Generate Text in Parallel for Multiple Prompts

Usage

generate_parallel(
  context,
  prompts,
  max_tokens = 100L,
  top_k = 40L,
  top_p = 1,
  temperature = 0,
  repeat_last_n = 0L,
  penalty_repeat = 1,
  seed = 1234L,
  progress = interactive(),
  verbosity = 0L,
  clean = FALSE,
  hash = TRUE
)

Value

Character vector of generated texts

Arguments

context

A context object created with context_create

prompts

Character vector of input text prompts

max_tokens

Maximum number of tokens to generate (default: 100)

top_k

Top-k sampling parameter (default: 40). Limits vocabulary to k most likely tokens

top_p

Top-p (nucleus) sampling (default: 1.0). Probability threshold for token selection.

temperature

Sampling temperature (default: 0.0). Set to 0 for greedy decoding. Higher values increase creativity

repeat_last_n

Number of recent tokens to consider for repetition penalty (default: 0). Set to 0 to disable

penalty_repeat

Repetition penalty strength (default: 1.0). Values >1 discourage repetition. Set to 1.0 to disable

seed

Random seed for reproducible generation (default: 1234).
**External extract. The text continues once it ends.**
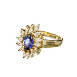 246. Bague marguerite sertie d'un saphir taille ovale (env. 1 ct) ent...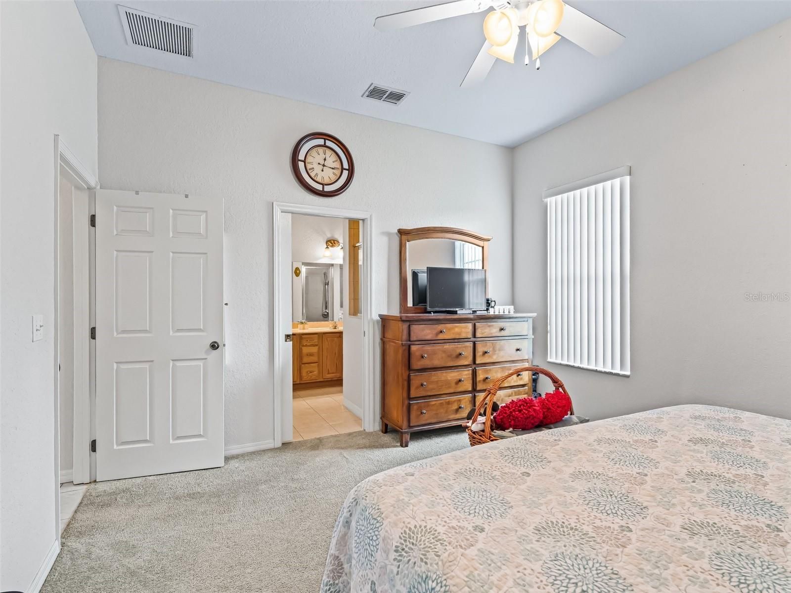 - Ceiling Fan(s), Eat-in Kitchen, High Ceilings, Living/Dining Room, Open Floorplan, Main Level Primary, Solid-Wood Cabinets, Split Bedrooms, Thermostat, Walk-In Closet(s)

Use positive integers for deterministic output

progress

Show a console progress bar while batches run. Defaults to interactive(): visible in interactive sessions, suppressed in scripts and R CMD check.

verbosity

Control backend logging during generation (default: 0L). Larger numbers print more detail: 0 shows only errors, 1 adds warnings, 2 prints informational messages, and 3 enables the most verbose debug output. Negative values fully suppress backend output. Defaults to quiet (0) so that only the progress bar is visible during typical batch runs, matching generate. This differs from model_load and context_create (default 1L), which run once per session and benefit from warnings being visible. Raise to 2L or 3L when debugging llama.cpp internals.

clean

If TRUE, remove common chat-template control tokens from each generated text (default: FALSE).

hash

When `TRUE` (default), computes SHA-256 hashes for the supplied prompts and generated outputs. Hashes are attached via the `"hashes"` attribute for later inspection.

Details

When more prompts are supplied than the context can hold in parallel (`n_seq_max - 1`), the function automatically processes them in sequential batches while preserving the original ordering of results.